Rispettando una tradizione in base alla quale il governo in carica deve aggiornare il Congresso su base trimestrale su questo fronte, il segretario di Stato Rex Tillerson ha scritto una lettera allo speaker alla Camera Paul Ryan dicendo che "al 18 aprile l'Iran rispetta i suoi impegni previsti dal Joint Comprehensive Plan of Action" (Jcpoa).

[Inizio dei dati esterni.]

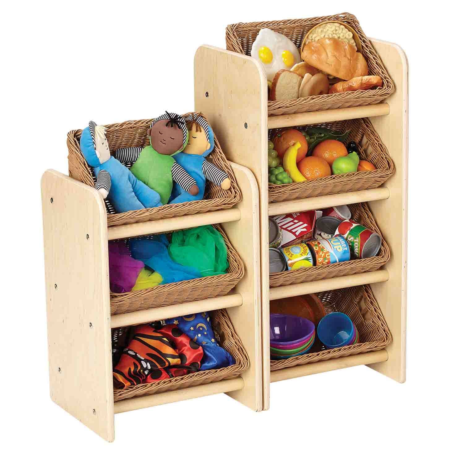 These great looking shelving units can fit anywhere and help keep your learning centers organized. The attractive and durable plastic baskets are removable and provide ample storage for your manipulatives, dramatic play props, art supplies, and more!

Tuttavia, sono stati sollevati dubbi sul ruolo dell'Iran nello sponsorizzare il terrorismo e per questo il Parlamento americano è stato avvertito: il presidente Donald Trump ha ordinato una analisi per valutare se la rimozione di sanzioni contro Teheran sarebbe nell'interesse degli Usa.

L'ex Ceo di Exxon diventato capo della diplomazia americana, ha scritto che il presidente "ha ordinato una revisione al National Security Council" per capire se "la sospensione delle sanzioni legate all'Iran così come previsto dal Jcpoa sia "vitale agli interessi Usa in termini di sicurezza".

Durante la campagna elettorale, Trump aveva definito quello promosso con l'Iran dal precedessore Barack Obama come il peggiore accordo di sempre ma poi i suoi toni sono diventati più moderati. Il segretario alla Difesa, per esempio, aveva indicato che gli Usa avrebbero dato il loro sostegno all'intesa storica. Ma la lettera firmata Tillerson usa i toni più forti del neo governo facendo capire che così non sarà necessariamente. Per la Ue, l'accordo sul nucleare iraniano è "cruciale per la nostra sicurezza", aveva detto Mogherini da Washington.